The global discovery industry has a number of ways of charging for what it does in support of the legal profession, and it seems no two discovery companies do it the same way (which, from experience, makes comparing budgets to identify the best deal a nightmare). Estimates are based on assumptions, and the ability to make good assumptions varies widely. One thing I can guarantee is that the only assumption that is always right is that nearly all assumptions will be wrong. Unfortunately, Precedent H doesn’t really allow for that.

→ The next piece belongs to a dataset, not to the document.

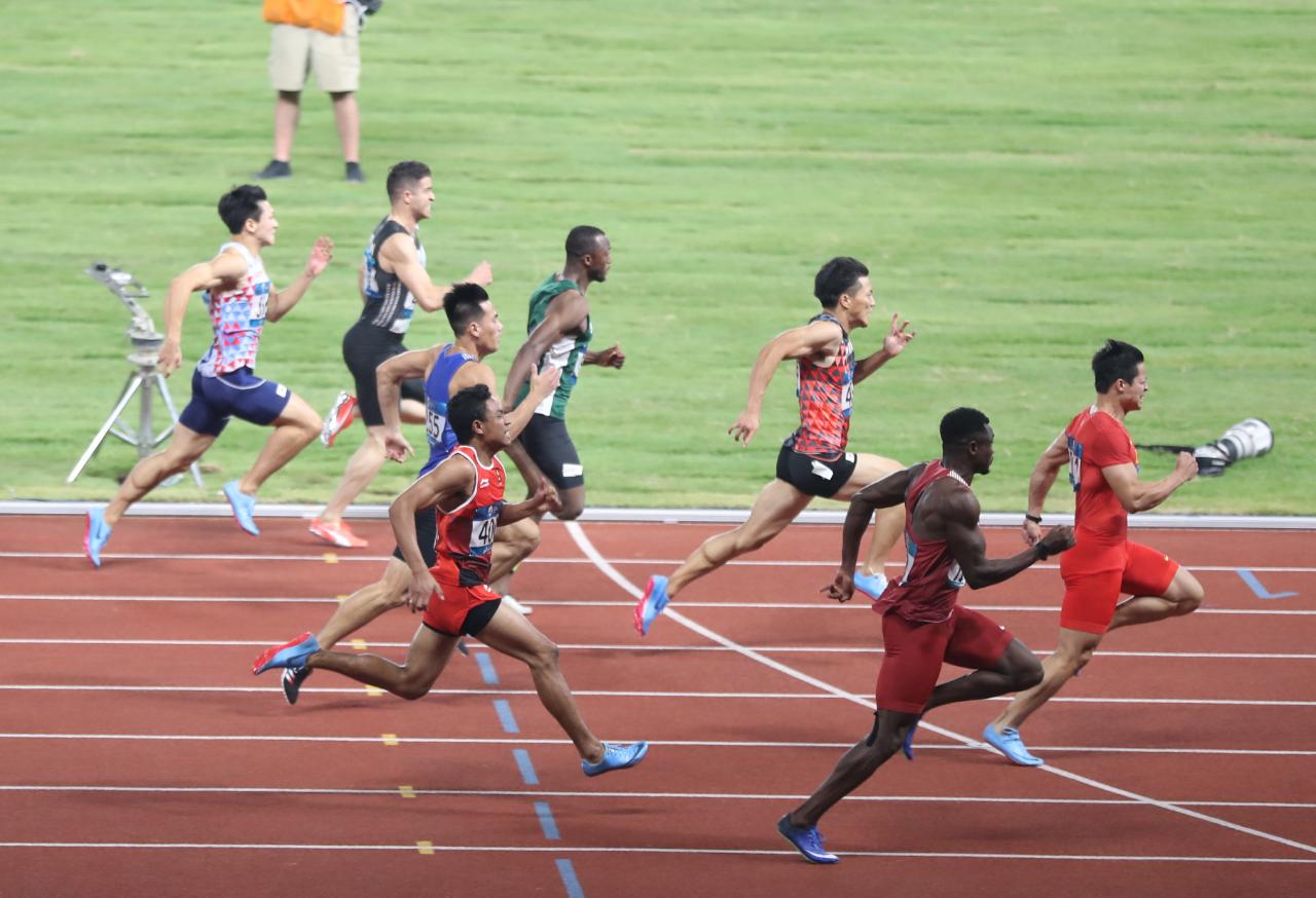 Lalu Muhammad Zohri menempati finish ke-7 dalam final lari 100 meter putra dengan perolehan waktu 10,20 detik.

Things that can Hole you Beneath the Water Line

(A1) Paper – scanning

In the world of document scanning there are a few very important elements that have an enormous impact on the cost.

Pages per document

The number of pages scanned and the number of documents coded will drive the final cost. At the point of estimating, one would make an assumption about the number of documents (based on the reported number of filing cabinets/drawers/boxes/bags/piles) and number of pages per document. That would lead to an estimate based on multiples of documents and pages. If the ratio proves to be wrong (and it usually is as there is no universal document size) then the final price will change (usually upwards). Unfortunately, it is impossible to know what the page count per document is until everything has been scanned.

Non-standard size

The cheapest way of scanning is to do it in bulk using automation: drop the pages in the automatic document handler and press "Go". This works well for pages of a "standard" and/or consistent size. However, bigger or smaller documents need to be handled manually. Manually equals more expensively.

Physical quality

Similarly, documents will only successfully journey through the scanner if they are sufficiently robust. "Old style" onion skin paper, fax sheets, carbon copy paper and the like (yes, they still exist) will almost certainly get chewed up in a modern automatic system, perhaps breaking machines in the process. These will therefore need to be handled manually. Manually equals more expensively.

Colour

Nowadays, with colour-detecting scanners, this is not such an issue but, when it is, automatic scanner settings will need to be altered on the fly to accommodate a change in the raw material. Colour pages may also need to be handled manually. Manually equals more expensively.

Binding

As mentioned earlier, in order to scan the documents/files they have first to be broken down into their individual parts. This means dismantling any binding and sticky-notes and separating all pages and then, once finished, reconstituting the binding and documents as faithfully as possible to the original (if required). I think you can now guess where this is heading: the less standard/more complicated the binding the greater the expense.

(A2) Paper – OCR

The success rate of optical character recognition varies dramatically according to a number of variables. These variables themselves have no impact on the cost of OCR (it is an entirely automatic process – as opposed to ICR (Intelligent Character Recognition, where manual intervention is required)). However, costs increase during the review phase as it is virtually impossible to filter the scanned images of the paper usefully if there is no, or limited, searchable text available. Furthermore, contextual searching ("find every form with a tick in the third box down on page two") is only possible with the right specialist software but is not available as a result of standard OCR processes.

Handwritten forms

OCR cannot read handwriting, so manuscript portions of forms will not be converted to text. Moreover, handwriting overlaying printed parts may compromise the electronic reading of those printed parts.

Complicated layout

Many OCR systems will not be able to cope with pages that contain complicated layouts, such as multiple columns or text that flows in "funky" directions.

Historical qualities

This may be obvious, but OCR also struggles with paper printed using older printers (like dot matrix printers or typewriters) where the individual letters are, on close inspection, actually made up of separate elements (so that to an OCR programme a "d" looks like a "c" next to an "l"). The same is true of old fax printers, as well as the hundredth photocopy of the hundredth photocopy of a much-loved form.

Annotations

Anything that causes the OCR to take its eye off the ball, such as circled, highlighted or underlined words, will confuse it. By example, a printed meeting agenda which has been annotated during the meeting is unlikely to be rendered well.

Physical defects

Paper documents lead tough lives. They tend to be old and to have been poorly treated over the years. It is not uncommon to see coffee rings, footprints, dirt, deep folds, tears and even tears. Each of these will compromise the quality of the OCR process.

Pictures

Nothing commonly available will render printed pictures searchable.

(B) Electronic

Compressed files

One would think that if you have collected data that eventually takes up X amount of space or contains Y amount of documents you would be safe to provide a cost estimate for subsequent activities relating to that data based on the figures that are X and/or Y. Yes? No!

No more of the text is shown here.